Assigned task:
Pull every line holding the word "Chews" out of the data and copy it.

___ Source records ___

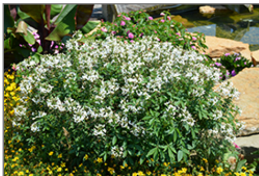
Senorita Blanca Spiderflower in bloom

Senorita Blanca Spiderflower is a fine choice for the garden, but it is also a good selection for planting in outdoor containers and hanging baskets. With its upright habit of growth, it is best suited for use as a 'thriller' in the 'spiller-thriller-filler' container combination; plant it near the center of the pot, surrounded by smaller plants and those that spill over the edges. It is even sizeable enough that it can be grown alone in a suitable container. Note that when growing plants in outdoor containers and baskets, they may require more frequent waterings than they would in the yard or garden.
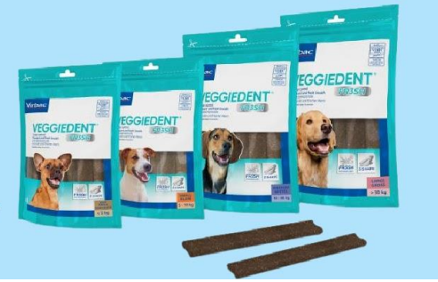
VeggieDent Chews for Dogs: FR3SH Technology for Fresh Breath Helps Reduce Plaque & Tarter Formation

C.E.T HEXtra Chews for Dogs: Freshens Breath, Reduces plaque and tarter, and cleanses the teeth
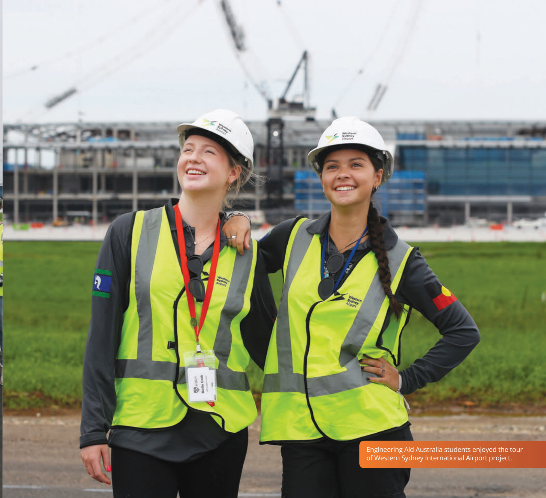
Engineering Aid Australia students enjoyed the tour of Western Sydney International Airport project.
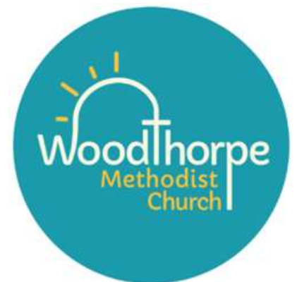
Edinburgh Drive & Clarendon Road
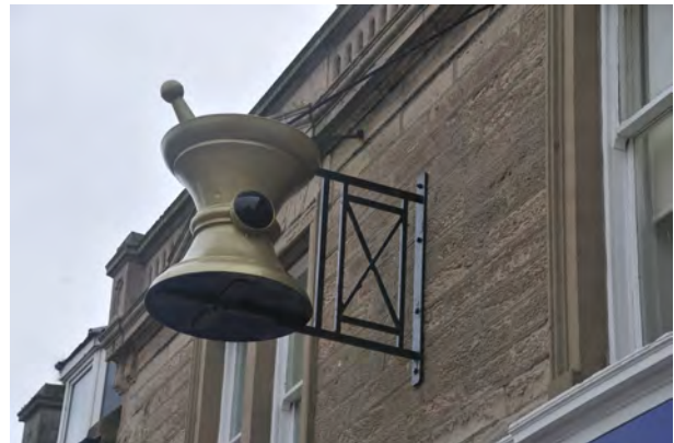
This 3D projecting sign of a pestle and mortar belongs to a pharmacy

___

Exercise response:
VeggieDent Chews for Dogs: FR3SH Technology for Fresh Breath Helps Reduce Plaque & Tarter Formation
C.E.T HEXtra Chews for Dogs: Freshens Breath, Reduces plaque and tarter, and cleanses the teeth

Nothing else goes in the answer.